Economic expansions, like loans with dubious credit quality, can keep rolling over for a long time with continuous market manipulation from central banks and others. Throw in an improvement in consumer confidence, a fall in interest rates and a stock market recovery, and you have several of the reasons why DoubleLine CEO Jeffrey Gundlach has reduced his U.S. recession odds for 2020 from 65% to 35%.

That said, the world remains an increasingly strange place. At one point late this past summer, more than half the bonds outside the U.S. in the Barclay's global aggregate index were sporting negative yields. Trillions of these bonds, or about 33%, still are.

Around that time, Gundlach was visiting Europe, where he was asked if he would buy bonds selling negative interest rates or avoid bonds altogether. He said he would not advise anyone to buy bonds with negative yields.

One piece of good news in this story is that Federal Reserve Board chairman Jay Powell has said he would not fight the next recession with negative interest rates. Gundlach has been a critic of Powell on many issues—particularly his decision to raise rates four times in 2018 and then cut them three times in 2019—but he applauded the Fed chairman for taking negative rates off the table. Instead, the U.S. central bank is more likely to resort to asset purchases and other forms of market manipulation when the economy heads south.

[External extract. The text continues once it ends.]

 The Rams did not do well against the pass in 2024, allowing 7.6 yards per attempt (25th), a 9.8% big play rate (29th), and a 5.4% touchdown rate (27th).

But over the short term, the picture is improving, even though the yield “is de-inverting,” which Gundlach noted often happens before a recession. Consumer confidence is ticking up and the Leading Economic Indicators should look better as it goes up against easy comparisons in 2020’s first quarter.

The Global Yield Drought
Global yield starvation contributed to the dramatic decline in interest rates this year, Gundlach said on a webcast. Foreign investors are willing to take unhedged dollar risk for now. He added that the dollar has remained largely flat in price despite a flood of assets into U.S. Treasurys and other financial instruments. If the greenback were to head south, the same foreign investors who flooded into U.S. markets this year could all try to get out at once, and problems could be exacerbated in a stampede for the exits.

Other disparities between America and foreign financial markets also could create more severe imbalances going forward. For all its problems, the Eurozone is barely running a deficit—Germany is actually running a surplus.

That helps explain why U.S interest rates are much higher, Gundlach said. America simply has a much greater supply of government and corporate bonds to sell and buyers demand more.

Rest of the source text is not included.